If OHCA does intend to conduct a CMIR, the Office will notify the parties within 60 days, and the transaction shall be barred from closing until OHCA’s CMIR is finalized. The following timelines apply to the CMIR process:
- Preliminary Report: Following OHCA’s notice to the parties of its intent to conduct a CMIR, the Office has 90 days to complete its review and issue a preliminary report, with the option to extend this period once by an additional 30 days. (Total: 150-180 days)
- Public Comment: Following the issuance of the preliminary report, the parties to the transaction and interested members of the public will have 10 business days to submit written comments concerning the transaction. (Total: 160-190 days)
- Final Report: After the close of the comment period, OHCA will have an additional 15 days to issue its final report, which it can extend for good cause. (Total: 175-205 days)
- Post-Review Closing Prohibition: After the issuance of the final report, a transaction is barred from closing for an additional 60 days. (Total: 235-265 days)
OHCA reserves the right to toll the above time periods while it has requested and is awaiting additional information from the transacting parties or while the transaction is under review by other regulatory bodies (e.g., state agencies, federal agencies or courts), meaning that while OHCA’s review is “capped” at 265 days, it can “pause” the clock on such review for potentially months at a time, without restriction, while it waits for other regulatory bodies to complete their respective reviews of the transaction.

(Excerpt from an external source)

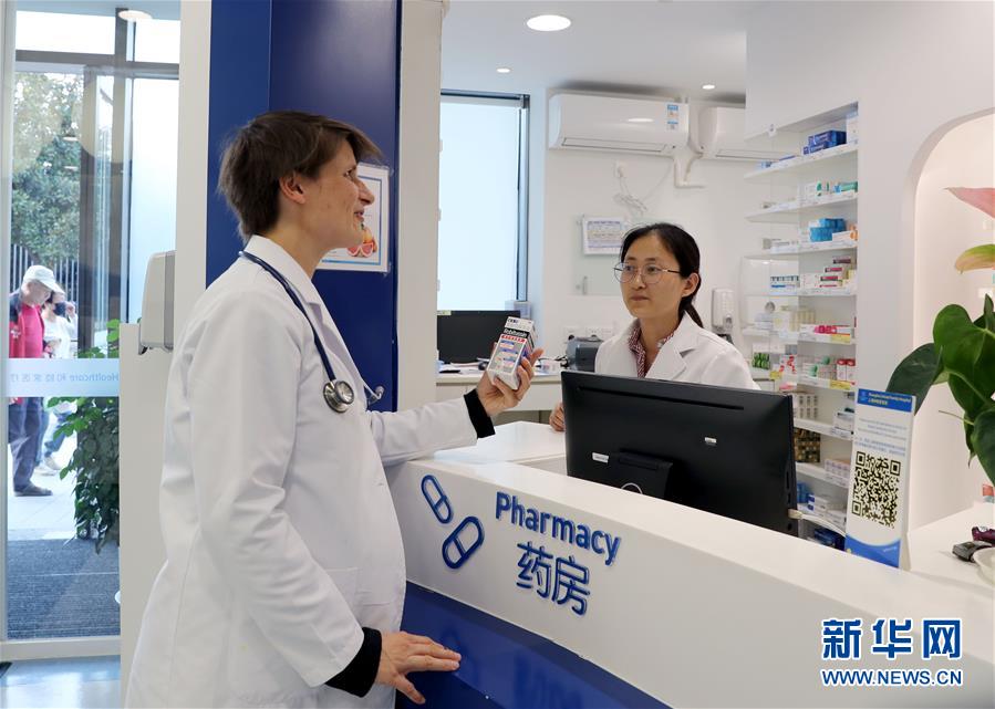 在位于上海闵行区的和睦家医疗门诊部,全科医生萨瑞艾在和药师交流(10月11日摄)。

Such delays may impose significant costs on transacting parties, which are required to reimburse OHCA for all actual, reasonable and direct costs related to its review.
Key Takeaways. The complexity of filing such notices and the potential lengthy review timeline is likely to impact health care transactions. Moreover, OHCA’s decision not to implement a cap on reimbursable expenses the Office is authorized by statute to collect could have an outsized impact on smaller transactions and health care entities. Parties should anticipate significant delays to closing timelines that could potentially chill health care dealmaking in the state and, to an extent, nationwide. In order to prepare for OHCA’s potential review of health care transactions, health care entities and parties contemplating transacting with health care entities should:
- Closely review the final regulations, including the level of detail required when filing a notice, and begin gathering the required documentation in advance of the prescribed timelines to avoid additional requests for information and unnecessary delays to OHCA’s review.
- Collaborate with other transacting entities to facilitate the timely collection of the information and documentation needed for a notice, particularly where a transaction contemplates multiple health care entities.
- Ensure deal documents and financing arrangements effectively address potential transaction delays.
- Carefully review any additional clarifying guidance issued by OHCA, particularly as the Office begins to test the limits of the final regulations.
Because the final regulations were implemented through emergency rulemaking, they are effective for a maximum of five years. In that time, OHCA must proceed with the regular rulemaking process to make such regulations permanent; this provides additional opportunities for stakeholders to give feedback to OHCA on the impact of the current iteration of the notice and review process. Given how responsive OHCA was to public feedback in shaping the final regulations, such advocacy will be especially important to further refine OHCA’s regulatory review process.